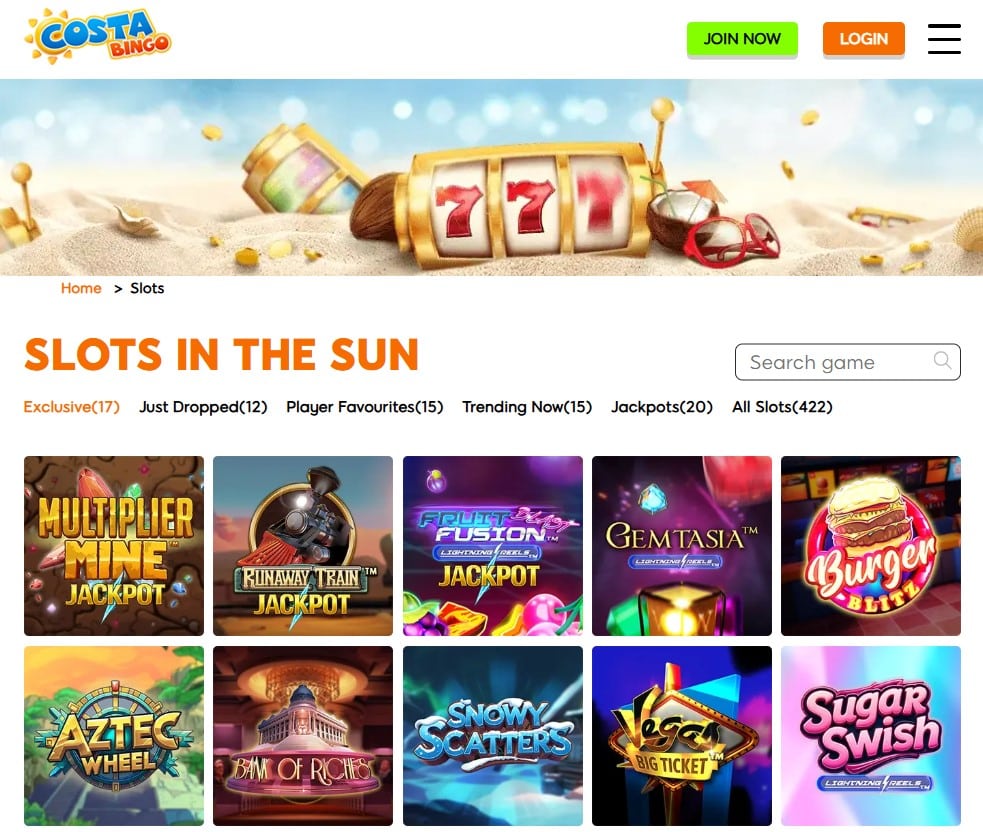 Top games at Costa Bingo: Slots, bingo and more
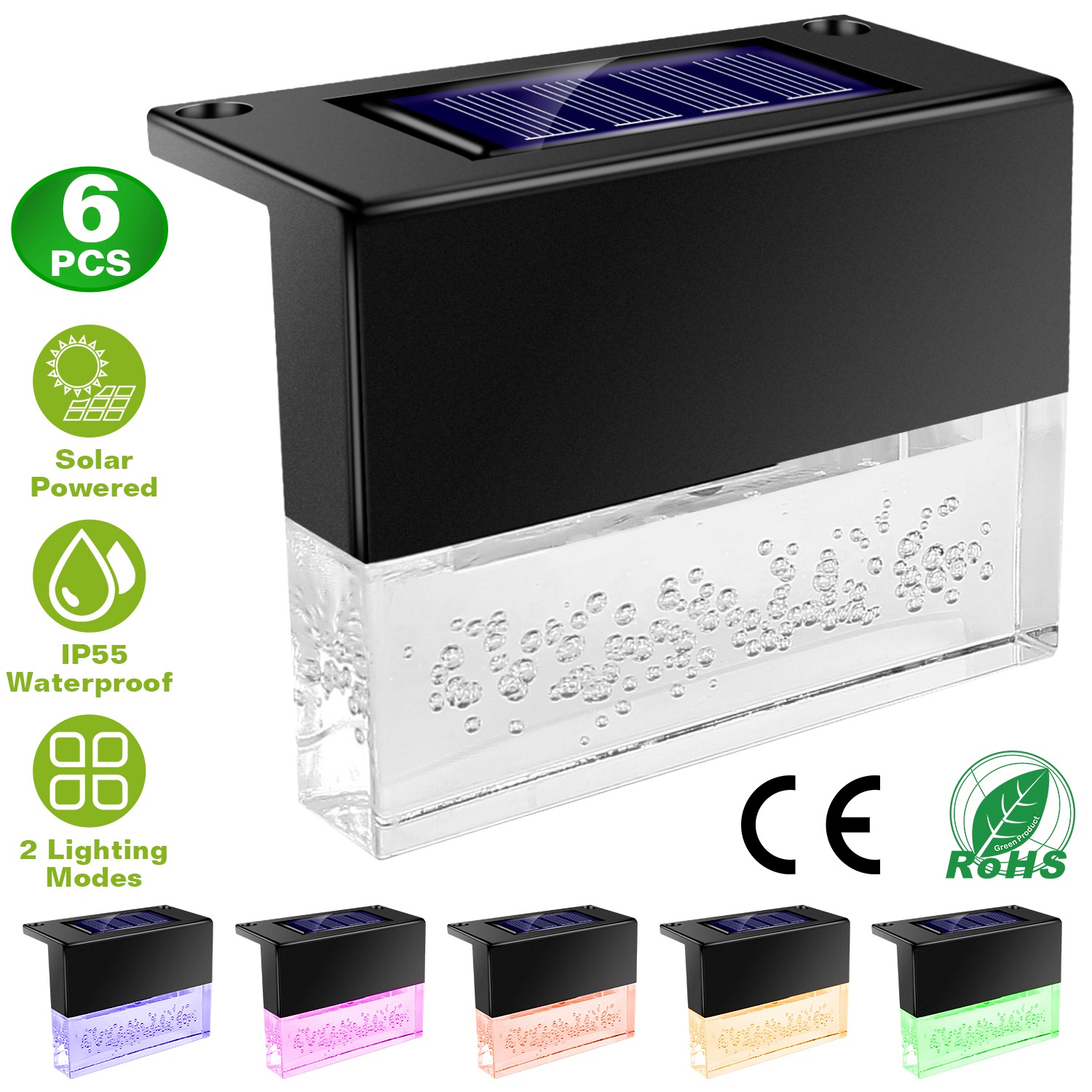Home > 6Pcs Solar Powered Deck Lights Outdoor Acrylic Bubbles Decorative Step Fence Lamp IP55 Waterproof Warm White/Color Changing Night Lights For Patio Gar
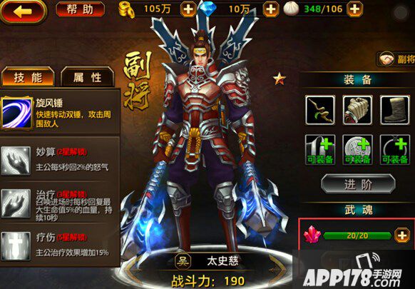 升星:武魂不仅可以合成副将,还可以用于副将升星,所以在副将合成后,不必担心剩余同种武魂会浪费。因此武魂对于副将成长来说是很重要的,所以努力去收集吧!如果不知道哪些副本会掉落想要的武魂,可以点击副将界面的“+”号查看。
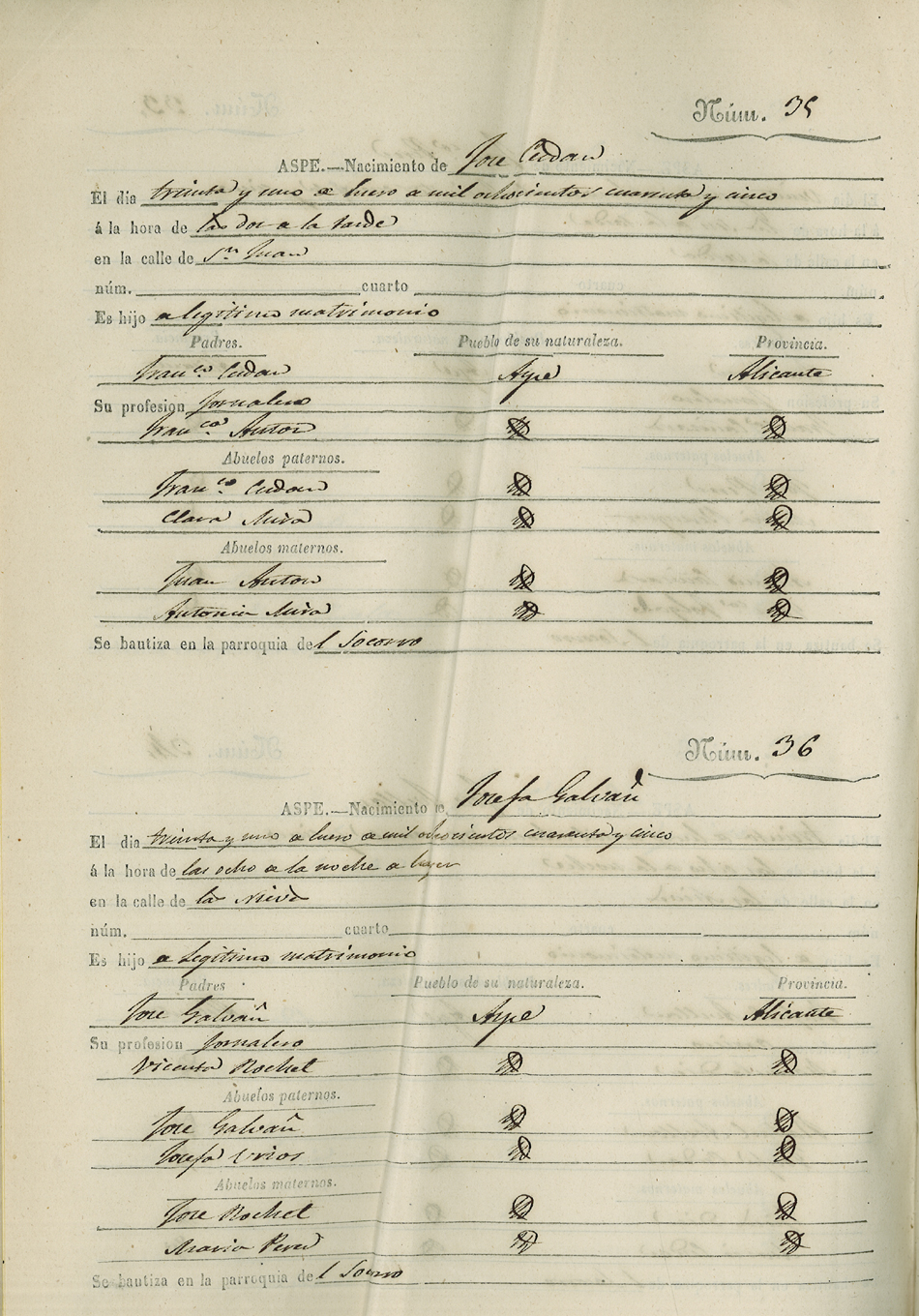 Registro civil de nacidos de la Villa de Aspe
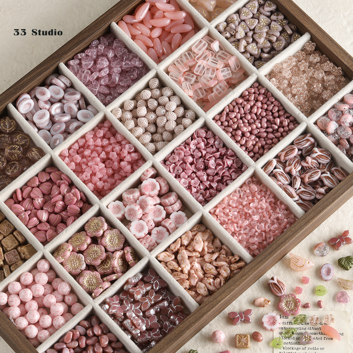 【莫黛花】粉色进口捷克琉璃散珠手链项链手机链串珠diy配件材料
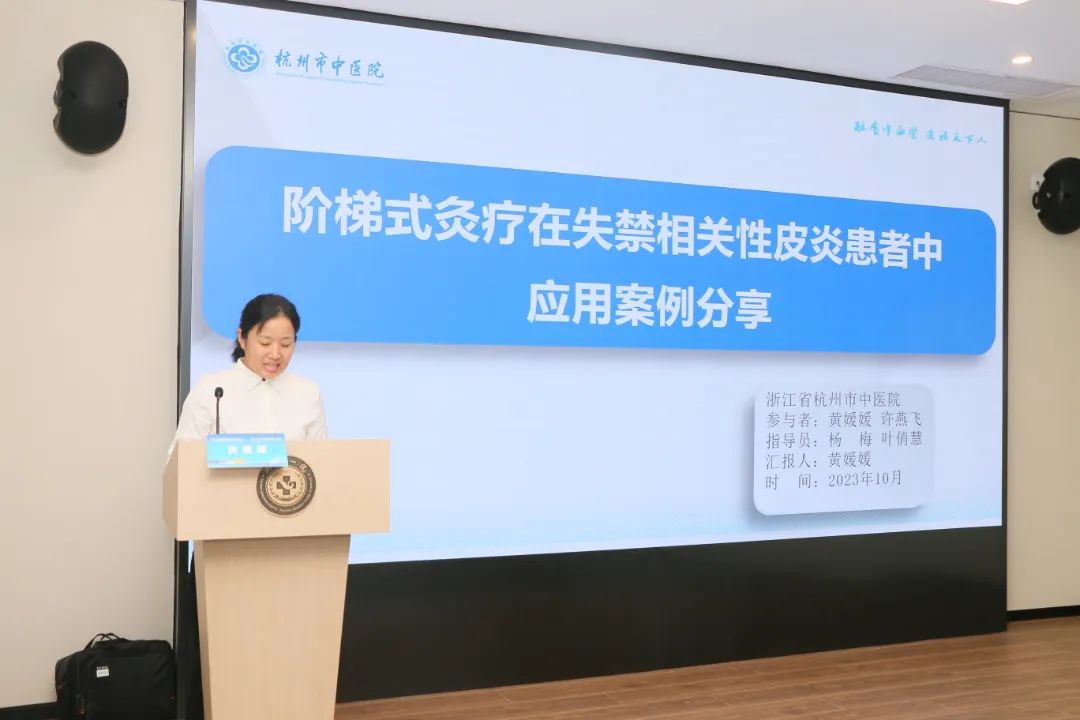 下午,专场案例和论文讨论环节由浙江省抗癌协会肿瘤专委会委员潘喆女士主持。浙江大学医学院附属第一医院倪晓波、连云港市第二人民医院于秀娟以及杭州市中医院黄媛媛就“一例肠外瘘“造口化”患者的护理、一例足外伤术后切口坏死感染患者的护理以及阶梯式灸疗在失禁相关性皮炎中的应用案例做了经验分享,现场学员表示收获颇多。
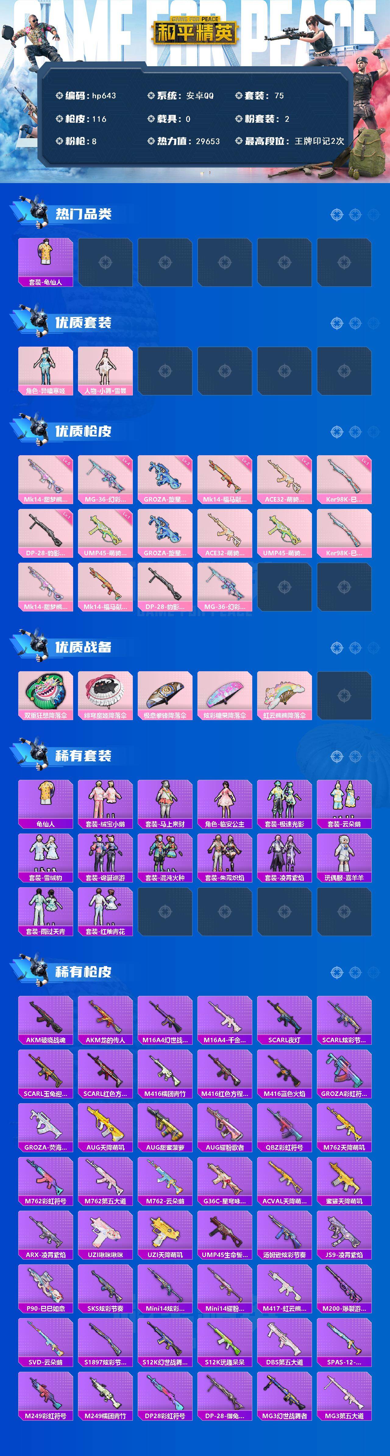 安卓 手Q-2粉装-8特效枪-0载具-0粉色飞行器-29653热力值-2王牌印记-75套装-116枪皮

____________

**What you will do:**
Extract word for word every line from the line that contains "下午,专场案例和论文讨论环节" to the final line of the data, both included, and nothing else; skip the pictures.

**Task answer:**
 下午,专场案例和论文讨论环节由浙江省抗癌协会肿瘤专委会委员潘喆女士主持。浙江大学医学院附属第一医院倪晓波、连云港市第二人民医院于秀娟以及杭州市中医院黄媛媛就“一例肠外瘘“造口化”患者的护理、一例足外伤术后切口坏死感染患者的护理以及阶梯式灸疗在失禁相关性皮炎中的应用案例做了经验分享,现场学员表示收获颇多。
 安卓 手Q-2粉装-8特效枪-0载具-0粉色飞行器-29653热力值-2王牌印记-75套装-116枪皮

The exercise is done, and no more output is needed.